Abstracting Data Access

ADO.NET is designed around a set of generic interfaces that abstract the underlying data processing functionality. You can use these interfaces directly to abstract your data access layer so that you can minimize the impact of changing the type of data source that you use. Abstracting data access is extremely helpful when you are designing systems where your customer chooses the database server.

The core interfaces provided by ADO.NET are found in the System.Data namespace:

  • IDbConnection. This is an interface for managing database connections.
  • IDbCommand. This is an interface for running SQL commands.
  • IDbTransaction. This is an interface for managing transactions.
  • IDataReader. This is an interface for reading data returned by a command.
  • IDataAdapter. This is an interface for channeling data to and from datasets.

The various provider objects, such as SqlConnection and OleDbConnection, implement these generic ADO.NET data access interfaces. If you decide to program against the generic interfaces, be aware of the following issues:

  • There is some small cost associated with a virtual call through an interface.
  • Certain expanded functionality is lost when you use the generic interfaces. For example, the ExecuteXmlReader method is implemented by the SqlCommand object but not by the IDbCommand interface.
  • There is no generic base exception type, so you must catch provider-specific exception types, such as SqlException, OleDbException, or OdbcException.
  • When you use the generic interfaces, you cannot take advantage of database-specific types that are defined for the managed providers; for example, you cannot take advantage of SqlDbType in SqlClient and Oracle-specific types in the Oracle provider. Using specific database types is helpful for type checking and parameter binding.

More Information

For more information about how to use the generic interfaces to abstract your data access, see the following resources:

  • Knowledge Base article 313304, "HOW TO: Use Base Classes to Reduce Code Forking with Managed Providers in Visual C# .NET," at http://support.microsoft.com/default.aspx?scid=kb;en-us;313304. This article includes sample code.
  • Use MSDN® to look at the interfaces that are described earlier in this section to identify the providers that implement each of the interfaces.

Performance and Scalability Issues

The following is a list of the main issues that can adversely affect the performance and scalability of data access in your application.

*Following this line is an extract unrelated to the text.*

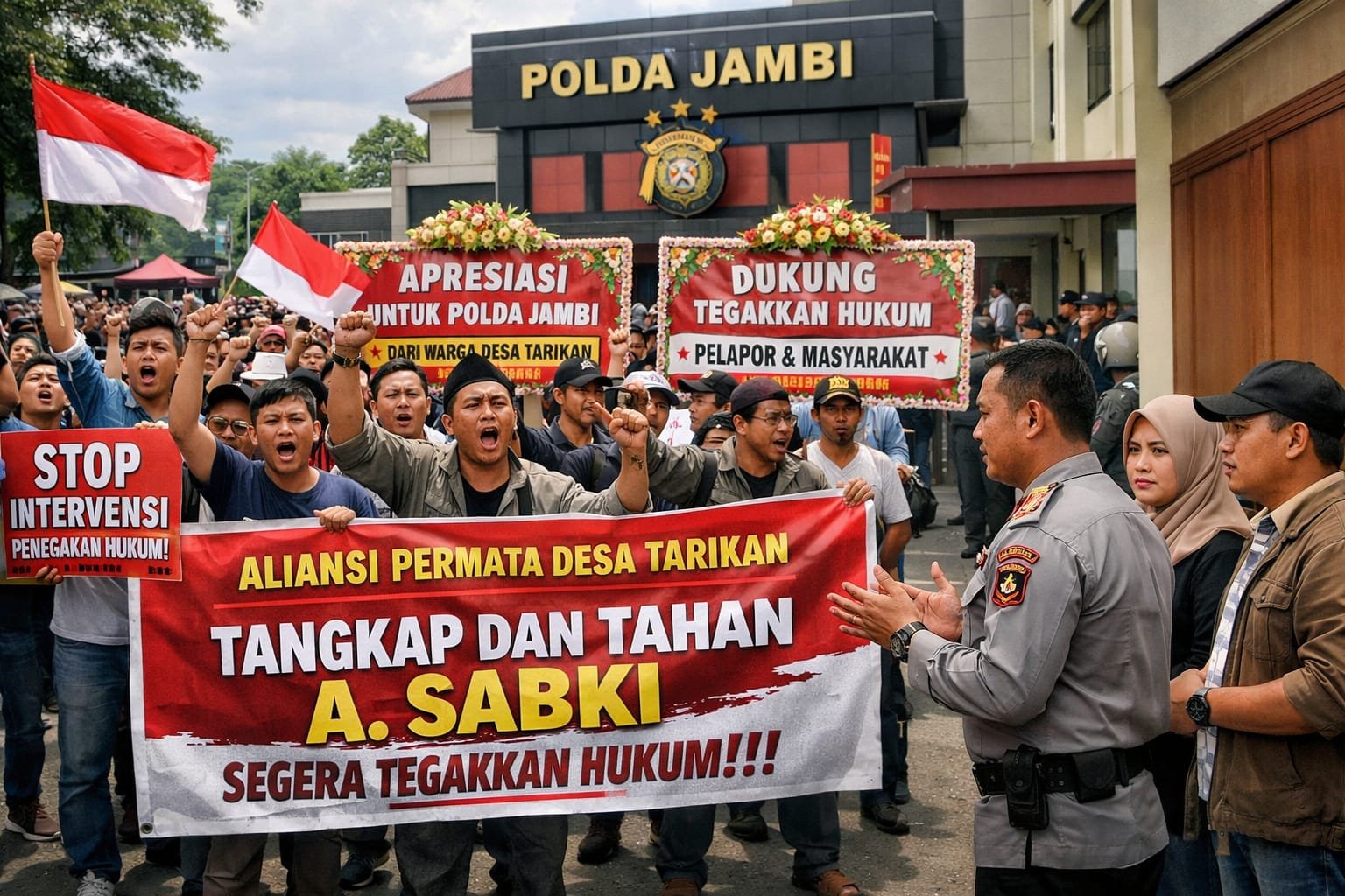 MEDIAINVESTIGASIMABES.CO.ID | PROV. JAMBI – Masyarakat Desa Tarikan yang tergabung dalam Aliansi PERMATA (Perjuangan Masyarakat Tarikan) Kabupaten Muaro Jambi mendatangi Polda Jambi untuk menyampaikan apresiasi atas ditetapkannya A. Sabki sebagai tersangka. Kamis, (16/04/2026).

  • Inefficient queries. Queries that process and then return more columns or rows than necessary waste processing cycles that could best be used for servicing other requests. Queries that do not take advantage of indexes may also cause poor performance.
  • Retrieving too much data. Too much data in your results is usually the result of inefficient queries. The SELECT * query often causes this problem. You do not usually need to return all the columns in a row. Also, analyze the WHERE clause in your queries to ensure that you are not returning too many rows. Try to make the WHERE clause as specific as possible to ensure that the least number of rows are returned.
  • Inefficient or missing indexes. Query efficiency decreases when indexes are missing because a full table scan must be performed. Also, as your data grows, tables may become fragmented. Failure to periodically rebuild indexes may also result in poor query performance.
  • Unnecessary round trips. Round trips significantly affect performance. They are subject to network latency and to downstream server latency. Many data-driven Web sites heavily access the database for every user request. While connection pooling helps, the increased network traffic and processing load on the database server can adversely affect performance. Keep round trips to an absolute minimum.
  • Too many open connections. Connections are an expensive and scarce resource, which should be shared between callers by using connection pooling. Opening a connection for each caller limits scalability. To ensure the efficient use of connection pooling, avoid keeping connections open and avoid varying connection strings.
  • Failure to release resources. Failing to release resources can prevent them from being reused efficiently. If you fail to close connections before the connections fall out of scope, they are not reclaimed until garbage collection occurs for the connection. Failing to release resources can cause serious resource pressure and lead to shortages and timeouts.
  • Transaction misuse. If you select the wrong type of transaction management, you may add latency to each operation. Additionally, if you keep transactions active for long periods of time, the active transactions may cause resource pressure. Transactions are necessary to ensure the integrity of your data, but you need to ensure that you use the appropriate type of transaction for the shortest duration possible and only where necessary.
  • Overnormalized tables. Overnormalized tables may require excessive joins for simple operations. These additional steps may significantly affect the performance and scalability of your application, especially as the number of users and requests increases.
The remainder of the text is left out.